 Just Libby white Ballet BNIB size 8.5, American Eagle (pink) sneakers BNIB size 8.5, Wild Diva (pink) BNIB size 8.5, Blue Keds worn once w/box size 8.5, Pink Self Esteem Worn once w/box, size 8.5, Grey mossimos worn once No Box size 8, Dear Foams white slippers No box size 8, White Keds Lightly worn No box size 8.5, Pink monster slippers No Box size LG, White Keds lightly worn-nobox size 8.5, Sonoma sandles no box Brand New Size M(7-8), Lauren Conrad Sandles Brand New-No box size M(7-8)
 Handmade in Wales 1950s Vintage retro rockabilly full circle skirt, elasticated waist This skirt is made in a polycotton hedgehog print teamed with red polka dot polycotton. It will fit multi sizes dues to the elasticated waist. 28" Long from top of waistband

...

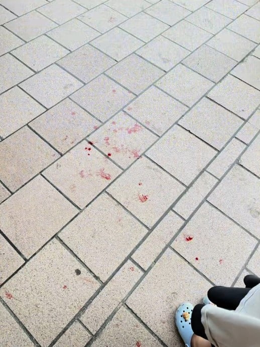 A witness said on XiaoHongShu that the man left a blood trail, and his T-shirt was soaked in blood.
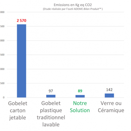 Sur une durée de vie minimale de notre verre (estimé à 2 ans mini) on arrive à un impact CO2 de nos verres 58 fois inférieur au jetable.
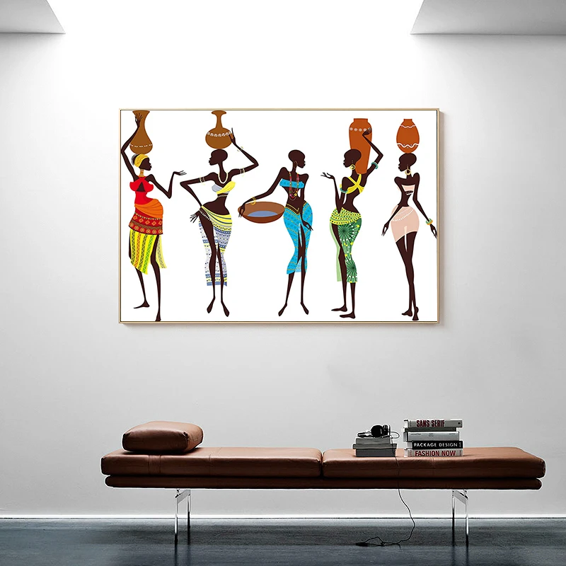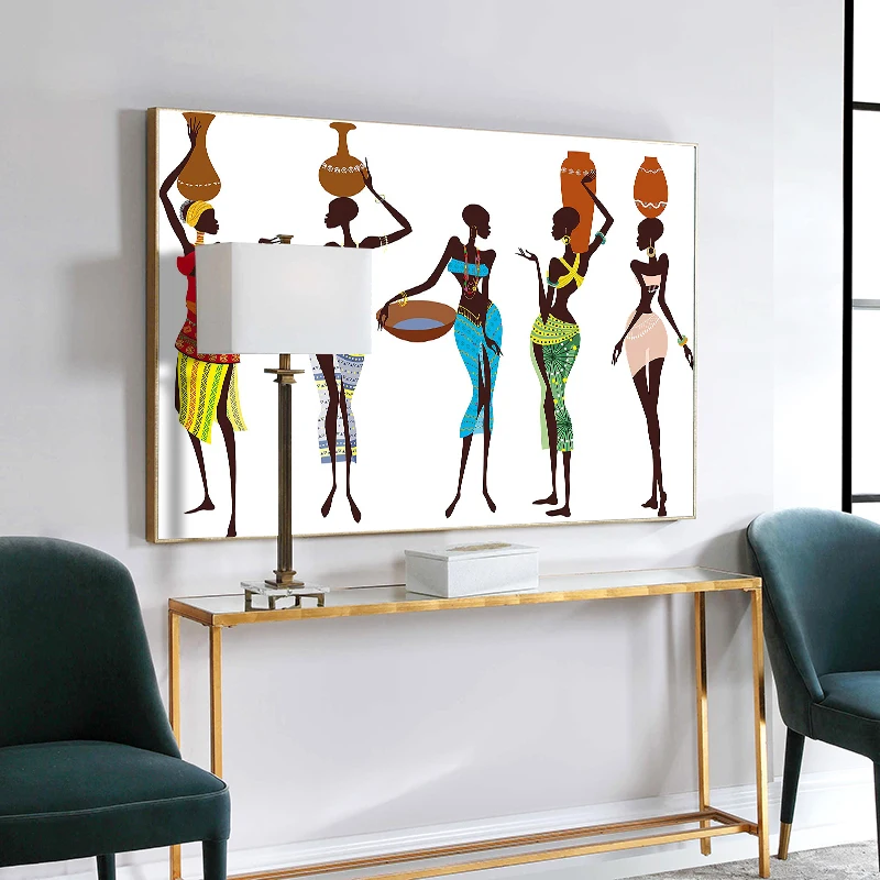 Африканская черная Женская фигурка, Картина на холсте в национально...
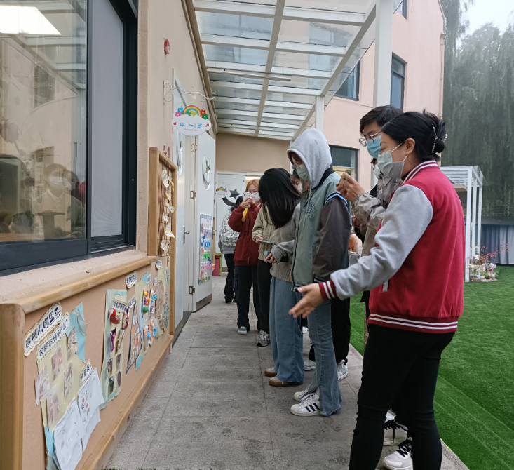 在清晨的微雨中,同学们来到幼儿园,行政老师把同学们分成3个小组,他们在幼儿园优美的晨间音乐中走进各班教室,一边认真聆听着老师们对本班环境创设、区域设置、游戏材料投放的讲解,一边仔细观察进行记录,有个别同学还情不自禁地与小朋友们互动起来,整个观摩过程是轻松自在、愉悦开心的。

> Assignment: In the entries above, find the line containing "Sur une durée" and the line containing "在清晨的微雨中,同学们来到幼", then copy both and every line between them exactly, without any picture.

> Exercise result:
 Sur une durée de vie minimale de notre verre (estimé à 2 ans mini) on arrive à un impact CO2 de nos verres 58 fois inférieur au jetable.
 Африканская черная Женская фигурка, Картина на холсте в национально...
 在清晨的微雨中,同学们来到幼儿园,行政老师把同学们分成3个小组,他们在幼儿园优美的晨间音乐中走进各班教室,一边认真聆听着老师们对本班环境创设、区域设置、游戏材料投放的讲解,一边仔细观察进行记录,有个别同学还情不自禁地与小朋友们互动起来,整个观摩过程是轻松自在、愉悦开心的。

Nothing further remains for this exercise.